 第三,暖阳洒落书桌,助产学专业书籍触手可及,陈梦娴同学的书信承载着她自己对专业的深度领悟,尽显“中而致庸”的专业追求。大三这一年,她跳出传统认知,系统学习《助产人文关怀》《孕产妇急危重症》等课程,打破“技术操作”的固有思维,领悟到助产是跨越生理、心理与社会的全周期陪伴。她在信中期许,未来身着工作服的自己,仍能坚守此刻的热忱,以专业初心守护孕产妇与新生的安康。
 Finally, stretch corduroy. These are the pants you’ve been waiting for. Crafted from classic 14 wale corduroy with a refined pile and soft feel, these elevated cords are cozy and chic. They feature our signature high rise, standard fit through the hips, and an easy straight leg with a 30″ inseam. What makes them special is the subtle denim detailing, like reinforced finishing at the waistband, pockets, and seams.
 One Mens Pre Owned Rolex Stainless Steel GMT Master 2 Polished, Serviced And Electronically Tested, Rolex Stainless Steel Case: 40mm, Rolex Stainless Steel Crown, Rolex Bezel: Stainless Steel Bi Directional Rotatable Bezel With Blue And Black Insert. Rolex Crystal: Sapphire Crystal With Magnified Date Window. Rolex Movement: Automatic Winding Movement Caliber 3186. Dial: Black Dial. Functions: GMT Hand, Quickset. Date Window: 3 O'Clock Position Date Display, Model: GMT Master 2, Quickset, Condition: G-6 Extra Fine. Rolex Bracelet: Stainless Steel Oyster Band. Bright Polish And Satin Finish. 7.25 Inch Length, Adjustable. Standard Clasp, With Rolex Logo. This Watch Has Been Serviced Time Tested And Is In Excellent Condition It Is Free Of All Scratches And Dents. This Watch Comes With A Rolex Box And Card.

--

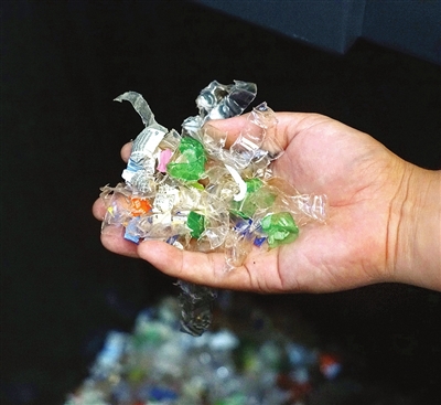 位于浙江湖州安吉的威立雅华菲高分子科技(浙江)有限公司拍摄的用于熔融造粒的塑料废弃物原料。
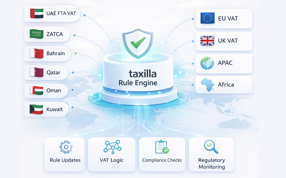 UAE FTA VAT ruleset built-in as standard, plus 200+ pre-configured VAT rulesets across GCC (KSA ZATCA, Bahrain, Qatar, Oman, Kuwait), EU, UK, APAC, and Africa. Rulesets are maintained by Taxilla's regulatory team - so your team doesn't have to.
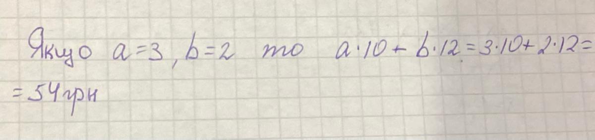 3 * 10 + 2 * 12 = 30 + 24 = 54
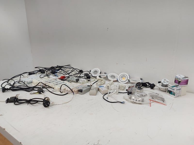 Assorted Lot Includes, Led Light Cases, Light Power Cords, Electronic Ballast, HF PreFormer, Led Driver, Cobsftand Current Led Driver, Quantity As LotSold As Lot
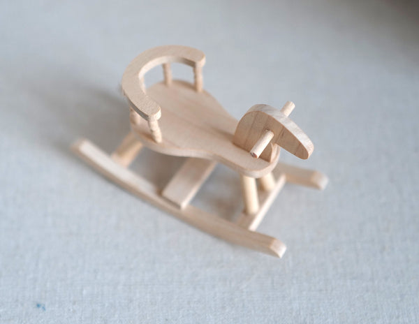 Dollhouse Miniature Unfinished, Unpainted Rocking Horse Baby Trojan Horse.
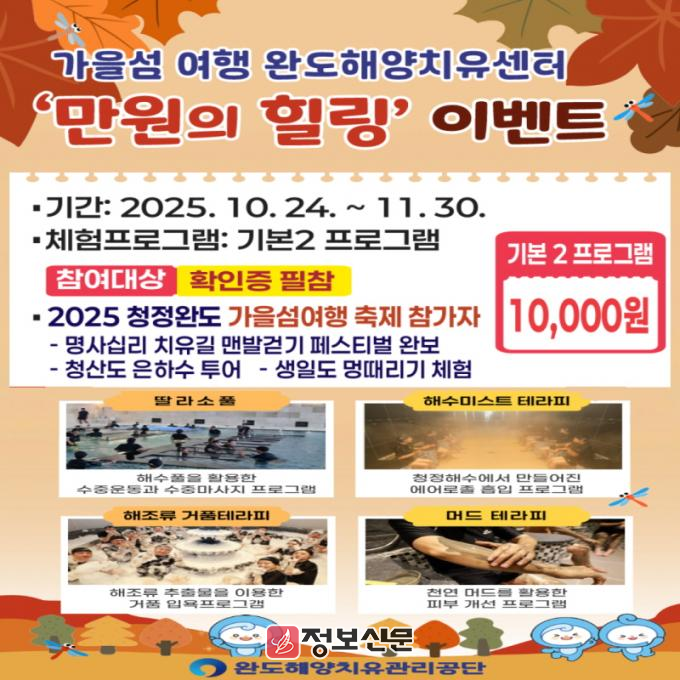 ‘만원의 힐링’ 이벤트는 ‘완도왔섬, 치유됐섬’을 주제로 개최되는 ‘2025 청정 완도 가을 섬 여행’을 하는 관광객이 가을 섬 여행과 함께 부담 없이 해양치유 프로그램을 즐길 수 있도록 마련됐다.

(YOUR INSTRUCTIONS) Would you transcribe the lines above exactly, going from the line bearing "3 * 10 + 2 * 12 = 30 + 24 = 54" through the line bearing "수 있도록 마련됐다.", and drop the pictures from the copy?

(RESPONSE AREA)
 3 * 10 + 2 * 12 = 30 + 24 = 54
 Assorted Lot Includes, Led Light Cases, Light Power Cords, Electronic Ballast, HF PreFormer, Led Driver, Cobsftand Current Led Driver, Quantity As LotSold As Lot
 Dollhouse Miniature Unfinished, Unpainted Rocking Horse Baby Trojan Horse.
 ‘만원의 힐링’ 이벤트는 ‘완도왔섬, 치유됐섬’을 주제로 개최되는 ‘2025 청정 완도 가을 섬 여행’을 하는 관광객이 가을 섬 여행과 함께 부담 없이 해양치유 프로그램을 즐길 수 있도록 마련됐다.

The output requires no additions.